Squeezing the Middle
May 5, 2008The study, by the consulting group McKinsey, found that in 12 years, 10 million fewer people could belong to the middle class than did at the beginning of the 1990s if economic growth levels do not surpass the forecast 1.7 percent, according to the German newspaper Welt am Sonntag, which had seen the report.
"The economic growth that we have experienced over the past 15 years has not been enough to reach the citizens," Frank Mattern, head of McKinsey's Germany operations, told the newspaper. "For people in the middle-income range, small growth rates are equivalent to losses."

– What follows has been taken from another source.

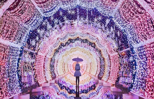 На фоне невероятной световой инсталляции, выполненной в виде сияющего тоннеля с огромными снежинками, модель фотографа выглядит сказочной феей.

For the report, called "Germany 2020," people are considered middle class if they earn between 70 and 150 percent of the average yearly wage in Germany, which according to McKinsey in 2006 was around 25,000 euros ($38,515).

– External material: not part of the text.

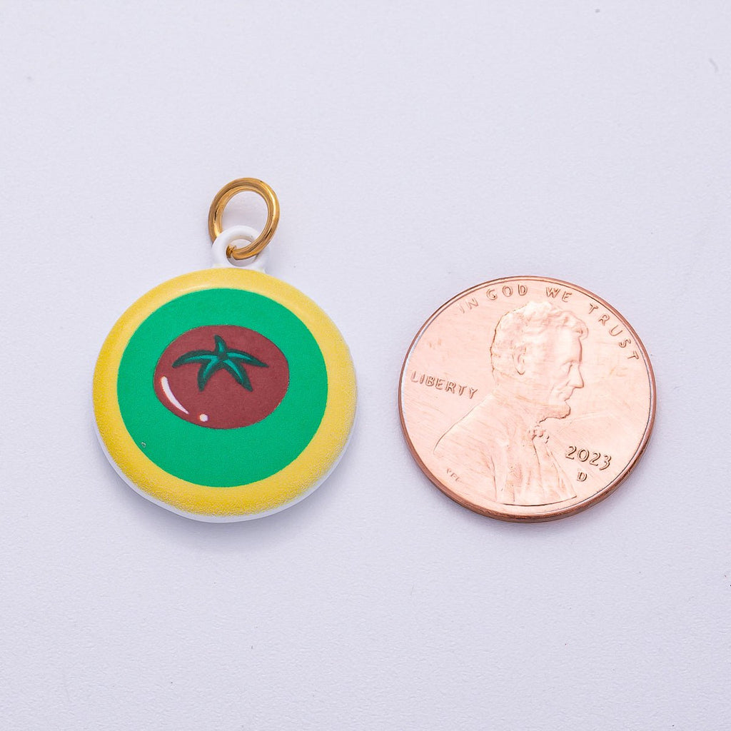 PVD Stainless Steel 23mm Tomato Multicolor Enamel Round Charm | Charms-00500

The researchers painted two scenarios for Germany. In the first, economic growth would proceed as predicted and almost 30 percent of Germans would fall out of the middle class.

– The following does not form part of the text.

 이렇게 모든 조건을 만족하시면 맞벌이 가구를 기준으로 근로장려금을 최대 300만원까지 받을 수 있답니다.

A second, more positive scenario has the German economy growing at a more dynamic rate, around three percent annually. According to that forecast, average per capita income could rise some 40 from 2006 to around 36,000 euros. McKinsey based its calculations, according to the article, on research into eleven industrial sectors which make up more than 50 percent of the German economy.
The last time Germany experienced growth rates of three percent was in the middle of the 1980s, but McKinsey researchers have said reaching those levels again is not unrealistic.
"We are proceeding on the assumption that we can reach a growth rate of three percent and well before 2020," Mattern said. "The world economy is growing at four percent."
The ends are growing
The numbers correspond to a report put out the DIW economics institute at the beginning of March that found the group of middle-income earners was shrinking while substantial growth was occurring at the two ends of the income spectrum: the rich and the poor.
While the number of middle-income earners remained stable from 1992 to 2000 at 62 percent of the population, it had fallen to 54 percent by 2006, researchers found. That corresponds to a decrease from 49 to 44 million people in the middle-income range.
In the period from 1996 to 2006, the number of wealthy people earning more than 200 percent of the average income level went from 6.4 to 9.2 percent and the number of poor earning less than 50 percent of the average increased from 7.3 to 11.4 percent.
Old-age poverty
According to a survey by the Emnid research institute published in the Bild am Sonntag newspaper, almost three-quarters of Germans think that in a few years, poverty among the elderly will be the biggest problem the country faces.
The poll found that 73 percent thought the days of expecting a comfortable retirement with a state-provided pension were soon to be a thing of the past. The concern is especially acute among women and those between 50 and 64 years of age, the paper said.